Ten years later, that kauri tree was reaching deep into the dirt outside the house I grew up in, which my parents had sold – and I had moved to Sydney.

Come January, I will have been out of New Zealand five years. My accent, whatever semblance of it I had, is fading. Even my passport has expired. The longer I stay away, the smaller a share of my life my years there become. So when I failed in my attempt at Britishness, I wondered – do I still count as a New Zealander, if I ever did? And if not, who does?

It is not as simple as a question of place of birth or citizenship when belonging, mediated externally, is a construct; we choose who we embrace as much as we choose who to reject. Pakeha’s claim to the country is secondary to that of Māori. Population growth is being driven by migration. An estimated 1.5m citizens live outside New Zealand. Many of our highest-profile citizens, considered archetypal New Zealanders, in fact moved there from overseas as children, or left as young adults to never return.

Russell Crowe has lived most of his life in Australia and gives the strong impression that if it would get him citizenship there, he’d hand in his Kiwi passport immediately. Anna Paquin moved to New Zealand from Canada when she was four, and left for the US when she was 13. Sam Neill was born in Northern Ireland; Eleanor Catton, in Canada. Katherine Mansfield – for years hailed as New Zealand’s only noteworthy literary figure – left New Zealand for Europe at age 19.

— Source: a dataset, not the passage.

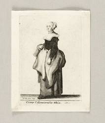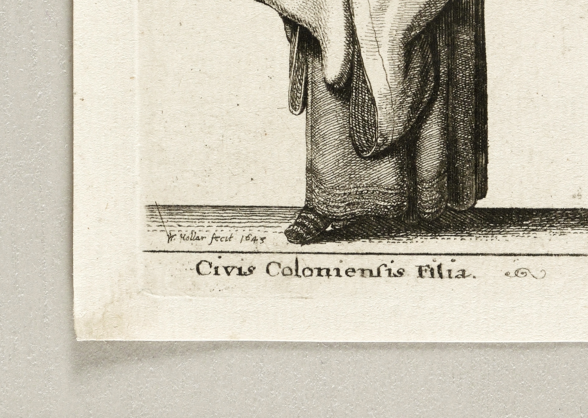 Parthey 1839. (32.). – Aus: Wenzel Hollar, Theatru[m] mvliervm, sive, Varietas atq[ue] differentia habituum foeminei sexus diuersorum Europae nationum hodierno tempore (London: 1643). – Links unten signiert und datiert: ″W. Hollar fecit 1643″. Unterhalb der Darstellung betitelt. – Blatt verso mit geringen Montageresten. Sonst guter Zustand.

Mansfield’s “somewhat problematical” standing as a New Zealand writer “in view of her long years of absence” was elegantly addressed by Gillian Boddy in the Dictionary of New Zealand Biography in 1996. “Mansfield herself was emphatic about her debut to the country of her birth: ‘New Zealand is in my very bones’. … She could not have written as she did without an understanding of both those worlds.”

My own connection to New Zealand may be waning at an immediate, quotidien level (and for that reason, this is my last regular column for The Spinoff), but it is also fundamental to who I am, the way I view the world, and how I approach my life in a country that often feels entirely foreign, despite my lifelong claim to it.

Citizenship tests may be an especially crude measure of what makes a New Zealander, or a Briton, or an Australian; but so, arguably, is citizenship when it may mean less to someone who was born with it than someone who fought for it. Britain might think the test of life in the UK lies in questions about pumpkins and cathedrals, but as Mansfield modelled, the best answer to “who is embraced as a New Zealander?” may be those who embrace New Zealand.